In our study, we found that all ESBL/pAmpC-producing and > 50% of the ciprofloxacin non-susceptible isolates, including all ciprofloxacin non-susceptible Klebsiella isolates were MDR. High rates of community faecal carriage of MDR isolates contribute to an increase in colonisation pressure and highlight the need for appropriate infection control policies.

Several reports identify travel as a risk factor of acquiring EBSL-producing isolates, with India and South-East Asia as high risk travel destinations [8, 34–36]. This is in agreement with our findings. A Dutch study found that travel to Asia is also a risk factor of being colonised with ciprofloxacin-resistant isolates [17]. The data presented herein recognise travel to multiple WHO regions within the same time frame, as a risk factor for being colonised with ciprofloxacin non-susceptible E. coli and Klebsiella spp. The majority of the visitors to multiple WHO regions reported South-East Asia or Western Pacific as one of the regions visited (Additional file 1: Figure S1). This is in line with the findings of Reuland et al. [17].

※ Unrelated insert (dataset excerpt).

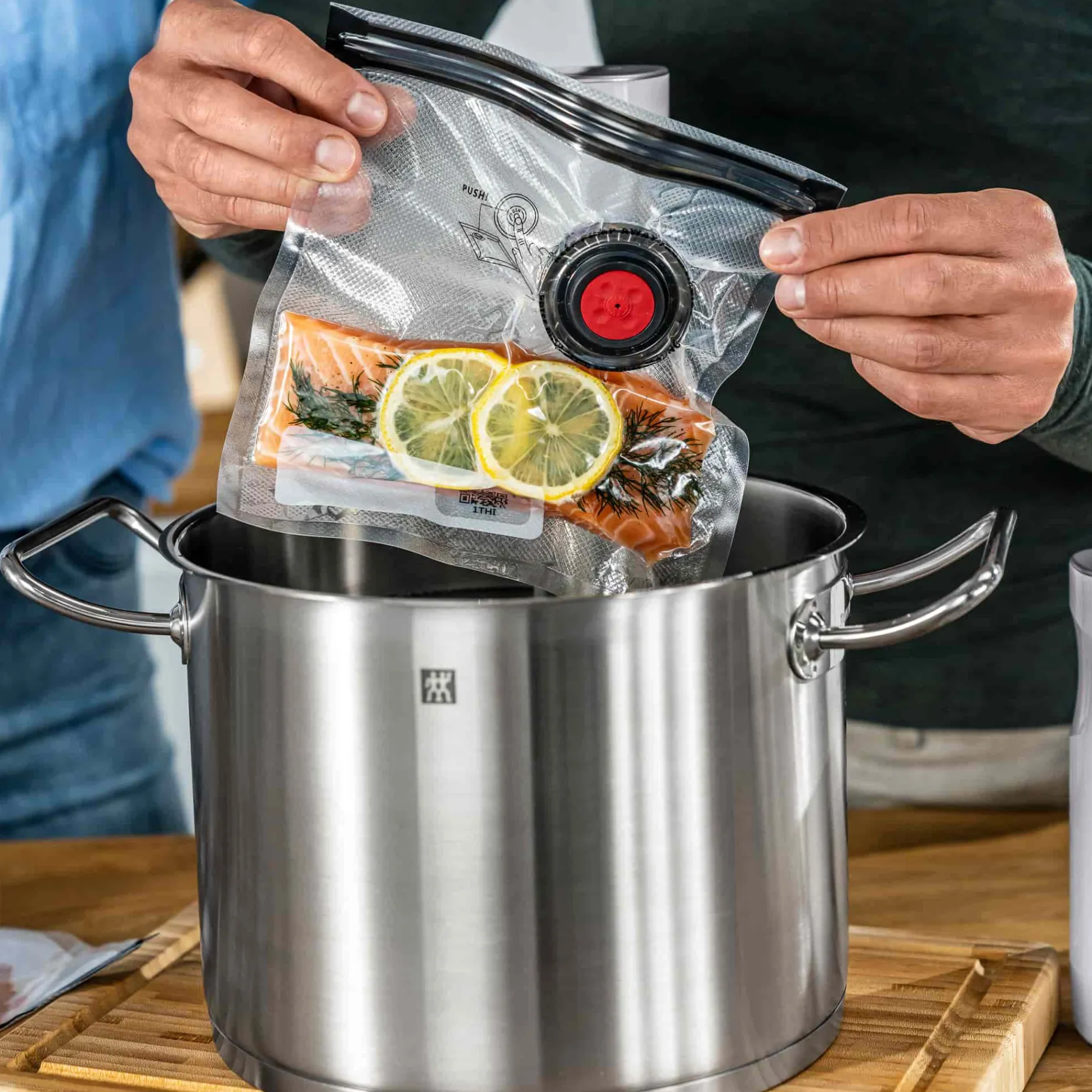 Available in two sizes, the airtight bags have a zipper closure. They can be used for freezing, marinating and sous vide cooking. To use them in a water bath, attach a vacuum pump and remove air from the bag in seconds. The bag is now sealed and can be placed in water.
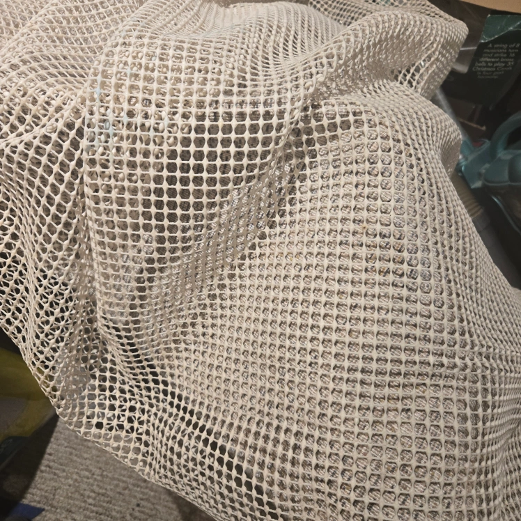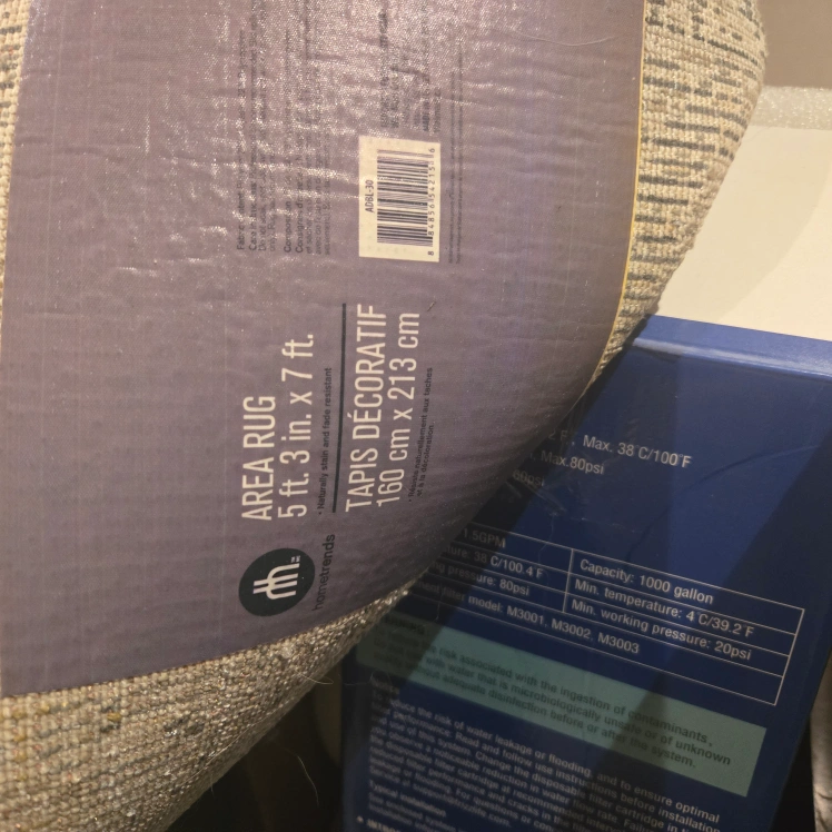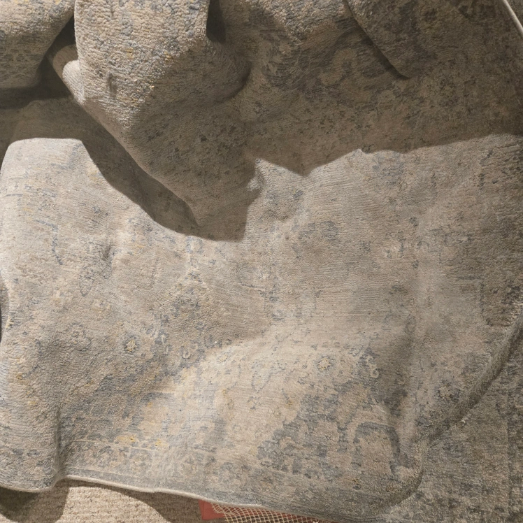 Great-sized rug for a living room or bedroom! Naturally stain- and fade-resistant. Has been in storage and may benefit from a light wash. Includes a nonslip pad for safety and stability.

A potential limitation of our study was that the participants were not representative for the Norwegian population according to gender and county of residence. Most of the participants were female and live in the eastern part of Norway. However, only minor geographical differences in the prevalence of ESBL have been observed among clinical isolates in Norway [10], and it is likely that this observation can be extrapolated into community settings as well. Moreover, many of the volunteers were recruited via general practitioners and medical teaching institutions, where it is possible that augmented exposure to resistant bacteria can contribute to an overestimation of prevalence. Rigid exclusion criteria were therefore applied to reduce biases related to skewed individual recruitments. The employment of stringent exclusion criteria confounds recruitment of participants to the study, but adds validity to the associated findings. However, conclusions based on results from regions with small numbers of travellers should be made with caution. Furthermore, the sensitivity may have been decreased, because of insufficient self-sampling, storage conditions and by the sending of samples by regular mail. However, a sampling kit optimised for transport and preservation of faecal samples were chosen to minimise this effect.

The frequency of AMR in clinical isolates in Norway is well-documented through NORM, and although increasing, it continues to be low when compared to other parts of Europe. An ambitious national strategy against antibiotic resistance, together with the low prevalence of antibiotic resistance in Norway, offers a unique opportunity to gain knowledge on how to effectively prevent faecal colonisation with resistant Enterobacteriaceae in the community. As stated in the WHO Global action plan on AMR [37], surveillance is one of the main strategic objectives for preventing further spread and development of AMR worldwide. In order to strengthen our knowledge base, it is pivotal to monitor AMR trends consistently over time. Community carriage rates constitute an important source for information regarding the AMR situation in different populations, and AMR surveillance systems should thus be expanded to cover community carriers as well, e.g. by implementing a sampling campaign as part of the European Antibiotic Awareness Day.

Conclusions

In conclusion, our study recognises Norway as a country with low prevalence of AMR carriage in the intestinal flora in healthy individuals. ESBL- producers were obtained from 4.9% of the study population, whereas AmpC-producers were obtained from 3.2%. Of the latter, the proportion of pAmpC corresponded to an overall carriage rate of 0.7%. In comparison, the carriage rate of ciprofloxacin non-susceptible isolates was 9.9%. A high proportion of intermediately ciprofloxacin resistant isolates may represent a shift in the ciprofloxacin MIC away from fully susceptible wild-type populations. Overall, our study denotes the importance of healthy humans as a reservoir for transmission of antibiotic resistant E. coli and Klebsiella spp., even in low incidence countries.